Thank you so much for always blogging such good advice.  So much is just common sense but, like you, sometimes we are just so concentrated on the project "we forget to think". I am one of your biggest fans.  I appreciate all blogs. I constantly try to upgrade my skills.

Thanks Marge and LDiane!  I just enjoy sharing my ideas and appreciate every response.  

I get my ideas from the issues I encounter.  Since I am an average embroiderer, I figure someone else has had the problem too.  I have been fortunate to have what my mother used to call 'stupid genius' all around me.  That is a person who gets an idea from the strangest places and makes it work!  She was a genius and after 8 years, I still miss her.

Share a tip with us.  You can use the "Today's top Tip" or add it right here.  Sharing a tip can help someone else AND it could generate an idea from another person - it is an unending chain of ideas and support from people just like you!


Thank you for the wonderful tip! Denise

Unbelievable that I had just ordered my first roll of Badgemaster b/c I was so impressed by this blog, Pat. (of course, we have all had our work slip). I worked for needless time when I could have used the Badgemaster  to get back to the middle of a name that I had played with the spacing and height. It was on an applique that had minky & going through two fabrics a bit. My thread made a bird nest & caught in the pressure foot. I had to remove the foot to cut the tangled mess. I hit the scissor button but it did not finish its cut. Therefore, when I started again the arm under the bobbin plate did not retract. I removed the bobbin and plate thinking a thread was caught out of sight. It took a phone call to my store to get advice.  I was too stressed to think.. Next time I won't forget to use Badgemaster!!
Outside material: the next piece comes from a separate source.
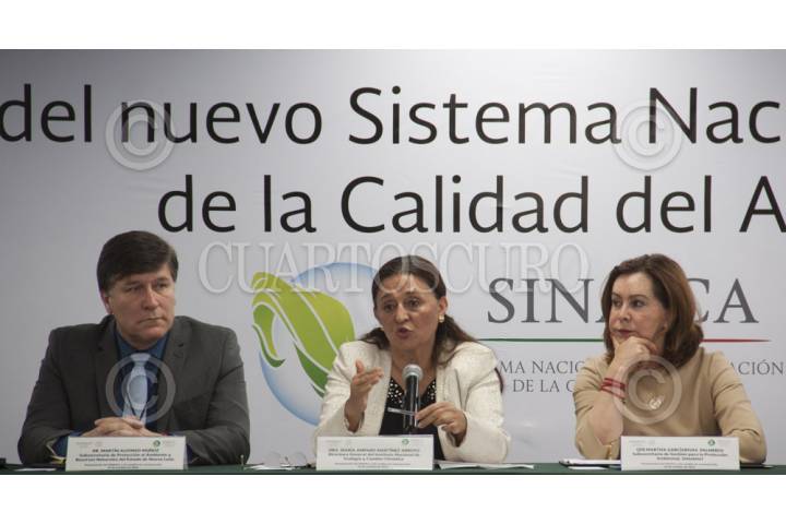 CIUDAD DE MÉXICO, 25OCTUBRE2016.- María Amparo Martínez, directora General del Instituto Nacional de Ecología y Cambio Político, y Martha Garciarivas palmeros en la presentación del nuevo Sistema Nacional de Información de la Calidad del Aire (SINAICA) dicho sistema conjunta la información de diferentes estaciones de monitoreo ubicadas en 29 estados del país. FOTO: ANTONIO CRUZ /CUARTOSCURO.COM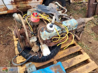 Ford Windsor V8 Engine & Auto Transmission ~ Probably 302cu (not sure) ~ Has been stored in shed ~ Turns over by hand (Not seized) ~ Removed from XY Ute (see Lot.8)

Just another good feature about BlogMaster is that it is NOT made of 'fibers.'

Most other stabilizers are either paper or fiber 'lint' (sort of). Stabilizers are often  some material that is 'pressed' into being a sheet. I hope that is clear, if not go to look at your tear away stabilizer when it is well backlit. It is pressed.

BadgeMaster is a smooth vinyl that is very even without any thick or thin areas. Therefore, it is MUCH LESS LIKELY to get caught in the needle plate. That is one reason for the 'birds nesting.'

Another reason for 'birds nesting' is that the timing on either (or both) of the needle down take or the bobbin up take. Your machine is precisely timed and one slip can and will result in a ruined project, especially if the birds next happens and you are NOT at your machine.

Pat, The Avid Embroiderer

This tip never goes out of style! I hope everyone learns from all my blogs.

May you be blessed in ways you have not yet imagined.  


Used this tip again last week. I really need to be more careful with fabrics being removed from the hoop.

It did not accidentally slip out, I removed it without thinking. When I discovered my error, I was so happy I knew what to do and had the right stabilizer to accomplished it!!

Pat, The Avid Embroiderer

This is one of my most favorite tips for machine embroidery.